» ENTRIES PROVIDED
·····
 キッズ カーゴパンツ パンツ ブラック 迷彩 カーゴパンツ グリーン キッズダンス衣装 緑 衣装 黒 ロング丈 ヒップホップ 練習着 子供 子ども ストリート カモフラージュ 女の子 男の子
·····
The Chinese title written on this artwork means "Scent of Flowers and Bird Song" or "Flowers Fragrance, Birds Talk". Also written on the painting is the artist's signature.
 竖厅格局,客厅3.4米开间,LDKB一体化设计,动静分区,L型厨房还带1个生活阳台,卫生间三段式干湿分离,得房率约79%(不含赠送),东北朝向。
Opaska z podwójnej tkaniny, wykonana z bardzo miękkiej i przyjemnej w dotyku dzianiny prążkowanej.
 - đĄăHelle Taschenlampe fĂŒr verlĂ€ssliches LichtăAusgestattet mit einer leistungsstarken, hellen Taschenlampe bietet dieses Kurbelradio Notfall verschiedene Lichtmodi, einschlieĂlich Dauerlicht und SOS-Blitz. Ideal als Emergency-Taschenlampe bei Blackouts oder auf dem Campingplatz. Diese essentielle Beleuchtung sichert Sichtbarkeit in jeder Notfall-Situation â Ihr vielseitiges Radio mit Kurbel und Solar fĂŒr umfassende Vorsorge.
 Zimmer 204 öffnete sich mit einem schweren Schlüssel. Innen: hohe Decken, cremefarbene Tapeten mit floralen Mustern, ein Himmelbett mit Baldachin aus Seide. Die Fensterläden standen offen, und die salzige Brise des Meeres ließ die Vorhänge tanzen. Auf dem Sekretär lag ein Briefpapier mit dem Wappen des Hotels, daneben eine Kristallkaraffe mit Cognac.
·····
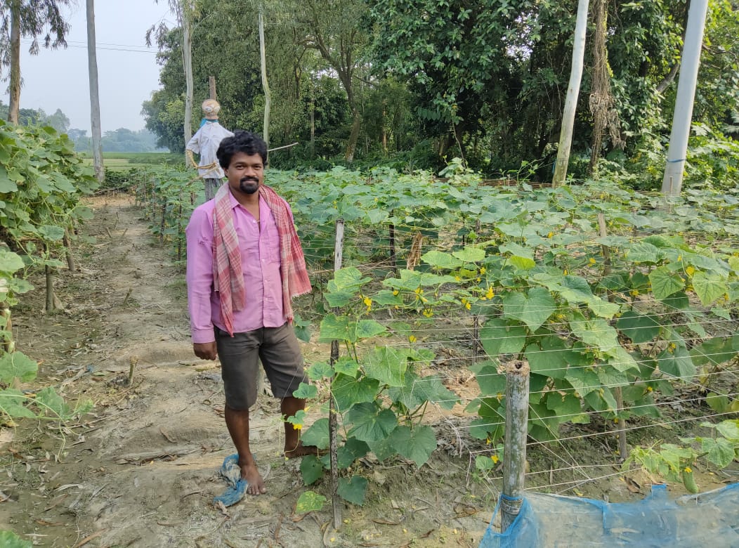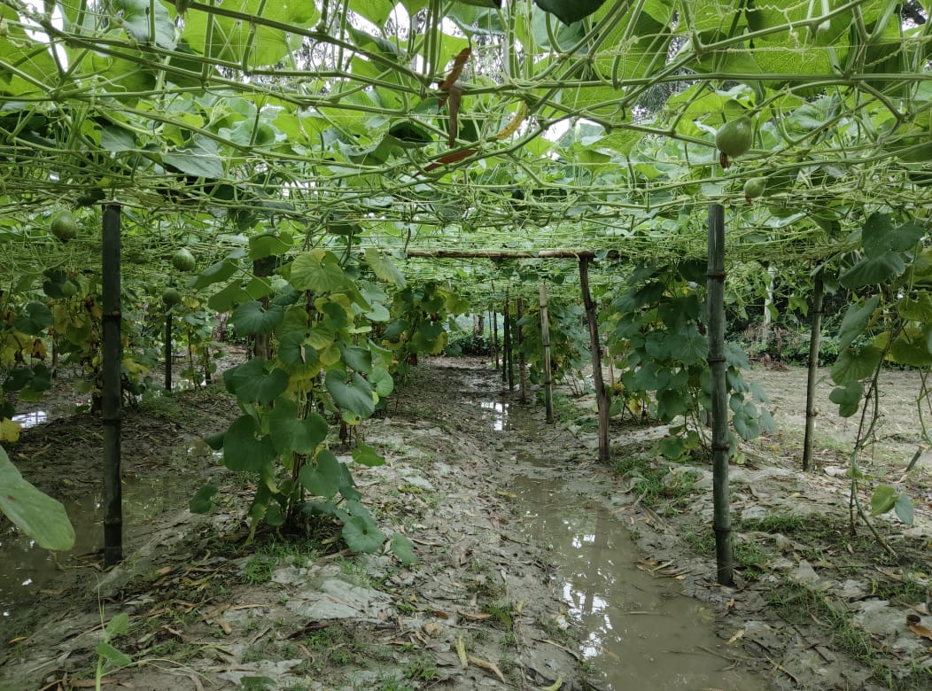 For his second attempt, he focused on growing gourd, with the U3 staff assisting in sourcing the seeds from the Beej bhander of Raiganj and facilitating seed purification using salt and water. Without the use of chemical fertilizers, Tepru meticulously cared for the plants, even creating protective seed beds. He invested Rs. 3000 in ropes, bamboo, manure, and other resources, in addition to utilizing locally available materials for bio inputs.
·····
Produce only the lines from the line containing "竖厅格局,客厅3.4米开间,LDKB一体" through the line containing "Opaska z podwójnej", inclusive of both, exactly as they stand in the entries above.

» WRITTEN RESPONSE
 竖厅格局,客厅3.4米开间,LDKB一体化设计,动静分区,L型厨房还带1个生活阳台,卫生间三段式干湿分离,得房率约79%(不含赠送),东北朝向。
Opaska z podwójnej tkaniny, wykonana z bardzo miękkiej i przyjemnej w dotyku dzianiny prążkowanej.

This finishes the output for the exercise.